**WHAT YOU NEED TO DO:** Repeat exactly the lines beginning at the one that contains "斜肩性感背心兩件套+高腰開衩抓皺長裙套裝L3886" and running to the end of the material. Omit the pictures.

**INFORMATION SHOWN:**
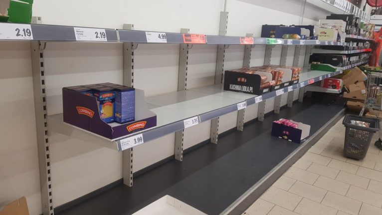 W wielu sklepach półki są puste. Najbardziej chodliwy towar to papier toaletowy i woda. Zaczęło się już wczoraj, po ogłoszeniu przez rząd zamknięcia na dwa tygodnie przedszkoli, szkół, uczelni, a także kin, muzeów i innych instytucji kultury. Po południu Polacy ruszyli na zakupy, szybko ogałacając sklepy.
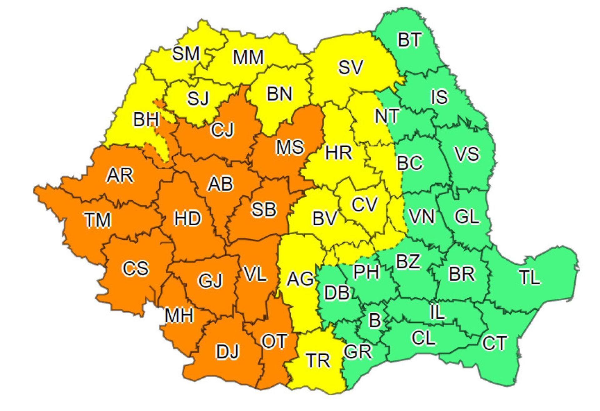 Administrația Națională de Meteorologie a emis joi o nouă avertizare meteo, de tip cod galben, de instabilitate atmosferică, dar și una de tip portocaliu, de ploi abundente.
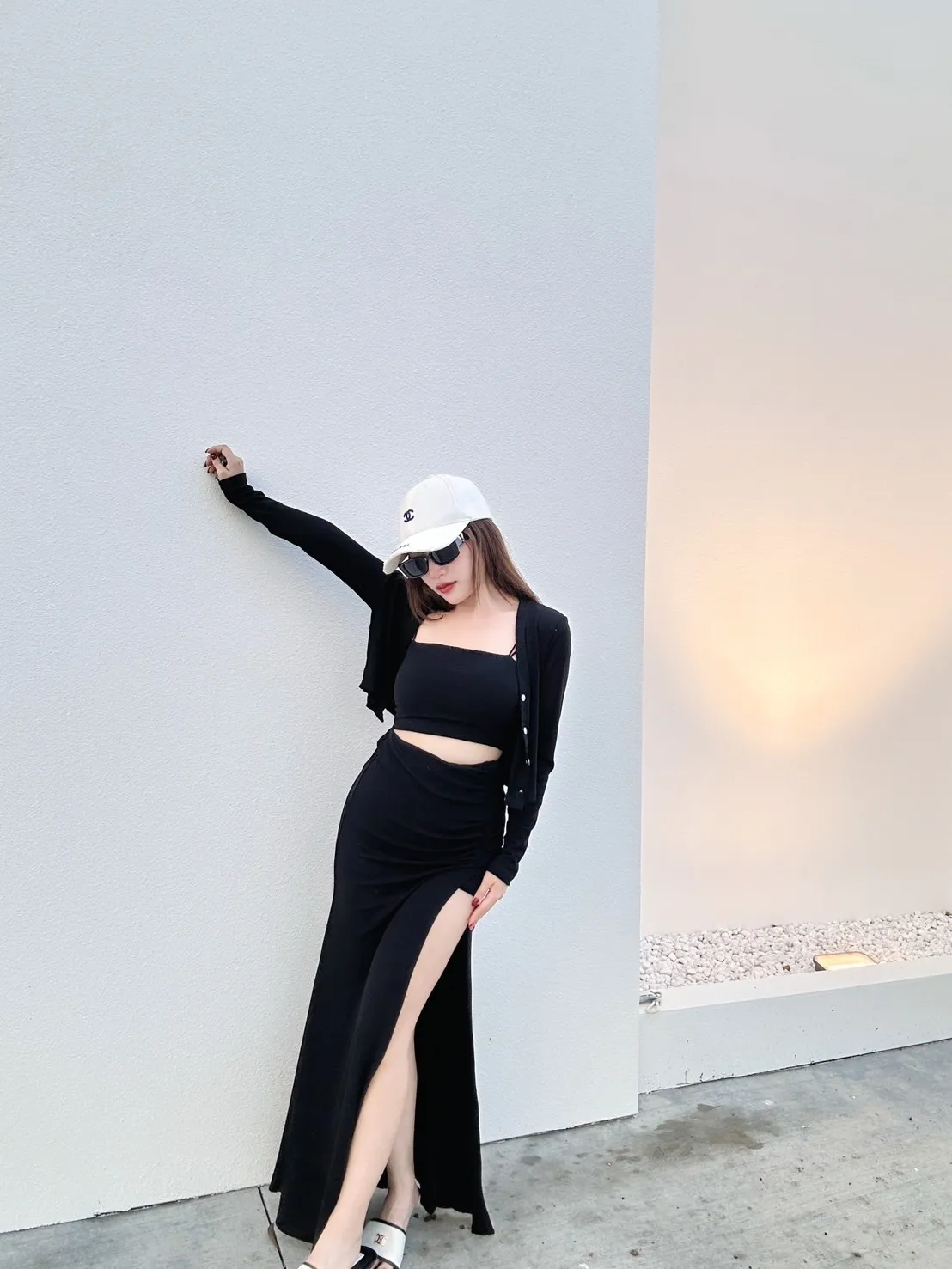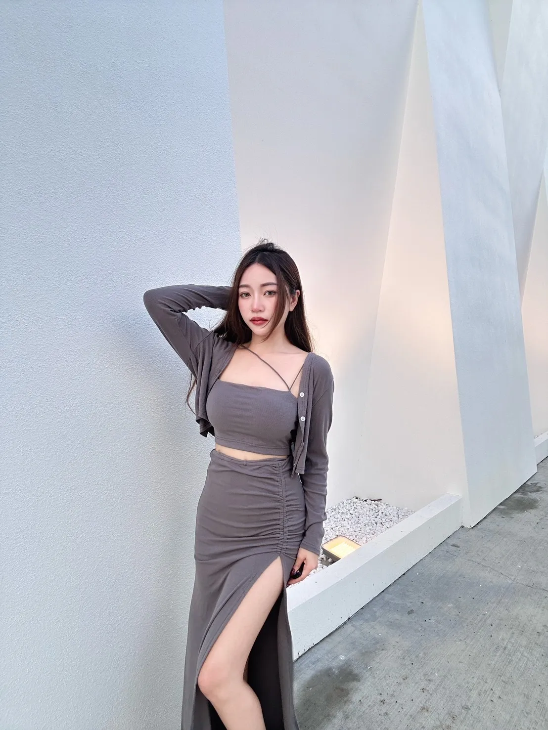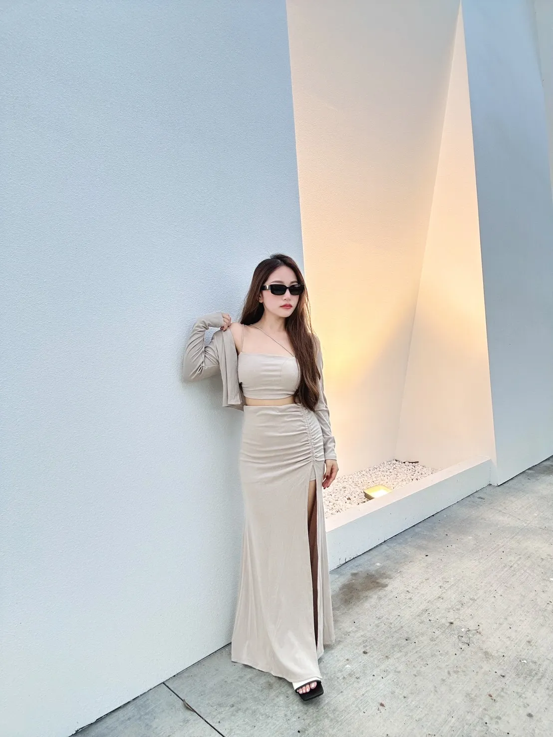 斜肩性感背心兩件套+高腰開衩抓皺長裙套裝L3886
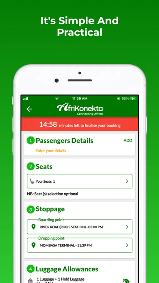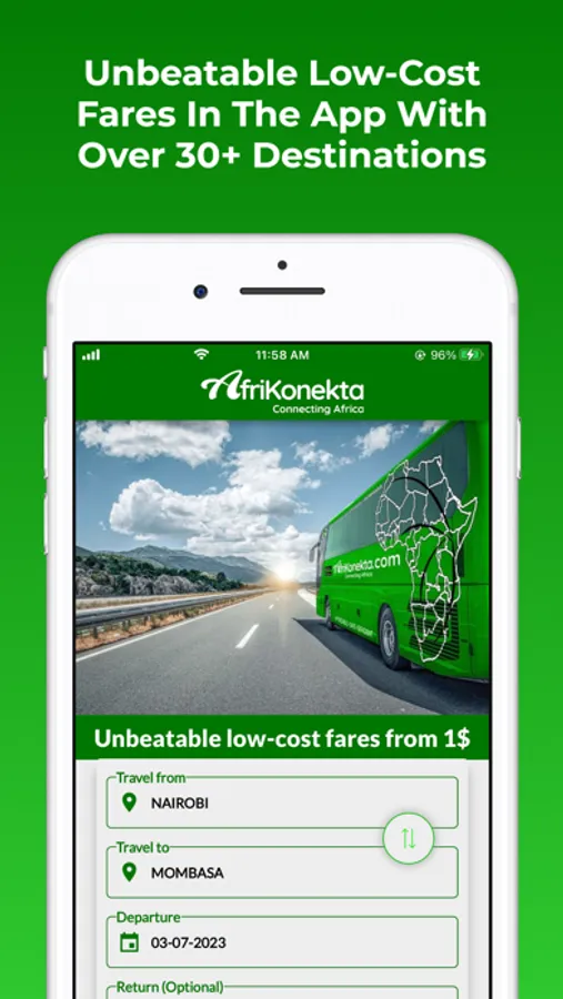 The AfriKonekta app allows you to easily and efficiently book your long-distance bus tickets across multiple countries in Africa starting from 1$. We offer tech enabled bus travel experience continuously expanding our connections and destinations as we build a more Connected Africa. Our commitment is to digitalise and make bus transportation more sustainable, connected, safe, convenient, user-friendly and low-cost in developing countries starting with Africa.

**FINISHED EXERCISE:**
 斜肩性感背心兩件套+高腰開衩抓皺長裙套裝L3886
 The AfriKonekta app allows you to easily and efficiently book your long-distance bus tickets across multiple countries in Africa starting from 1$. We offer tech enabled bus travel experience continuously expanding our connections and destinations as we build a more Connected Africa. Our commitment is to digitalise and make bus transportation more sustainable, connected, safe, convenient, user-friendly and low-cost in developing countries starting with Africa.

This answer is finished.